We think that the two arbitrators who proceeded with the conduct of the arbitration and signed the award had no power to proceed after a withdrawal of the other arbitrator without an application under the statute to compel the appellant to specifically perform the contract to arbitrate. The parties to a contract of arbitration may still revoke, waive, abandon or break their contract to arbitrate, and when so broken it may be enforced only according to law. Section 3 of the Arbitration Law reads: “ A party aggrieved by the failure, neglect or refusal of another to perform under a contract or submission providing for arbitration, * * * may petition the Supreme Court, or a judge thereof, for an order directing that such arbitration proceed in the manner provided for in such contract or submission.” (Italics the writer’s.)
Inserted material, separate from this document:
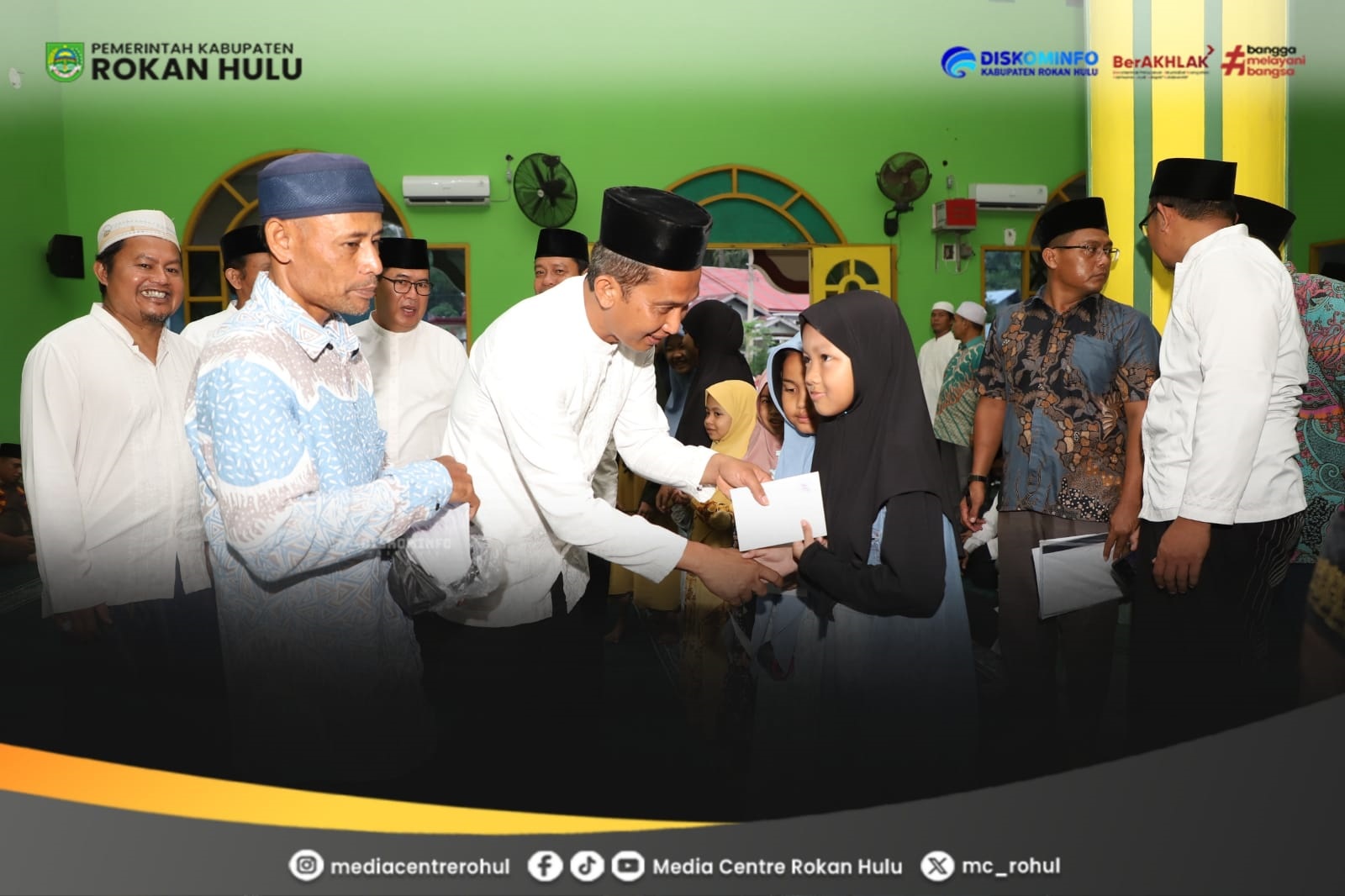 Dalam kegiatan Safari Ramadan di Masjid Mubarok tersebut, Pemkab Rohul turut menyalurkan sejumlah bantuan, antara lain:

It seems from this wording of the statute that when the Grace Company withdrew, the Bullard Company could have compelled the conclusion of the arbitration only by complying with section 3 of the Arbitration Law. Section 3 of the Arbitration Law provides against the contingency that happened here when the arbitrators proceeded to act upon something which it was claimed that one side had not submitted and which the language of the submission does not conclude adversely to their contention. This section reads, in the applicable part, that the court hearing the application shall make an order directing the parties to proceed to arbitration in accordance with the terms of the contract or submission. The respondent has proceeded in disregard of this statute and has not obtained from the court an order directing that the arbitration proceed in accordance with the terms of the submission.

On the merits, it seems quite apparent that under the contract in question the dispute between the parties arising out of the contract cannot be concerned with any question of the quality of the commodity in view of the inspection certificates of the Argentine government which were contracted to be final as to quality, weight and grade. The award upon which the order and judgment are based was, therefore, void.

*480The order and judgment should, therefore, be reversed, with costs, and the judgment vacated.

Clarke, P. J., Dowling and Smith, JJ., concur; Merrell, J., concurs in result.

Judgment and order reversed, with costs, and judgment vacated.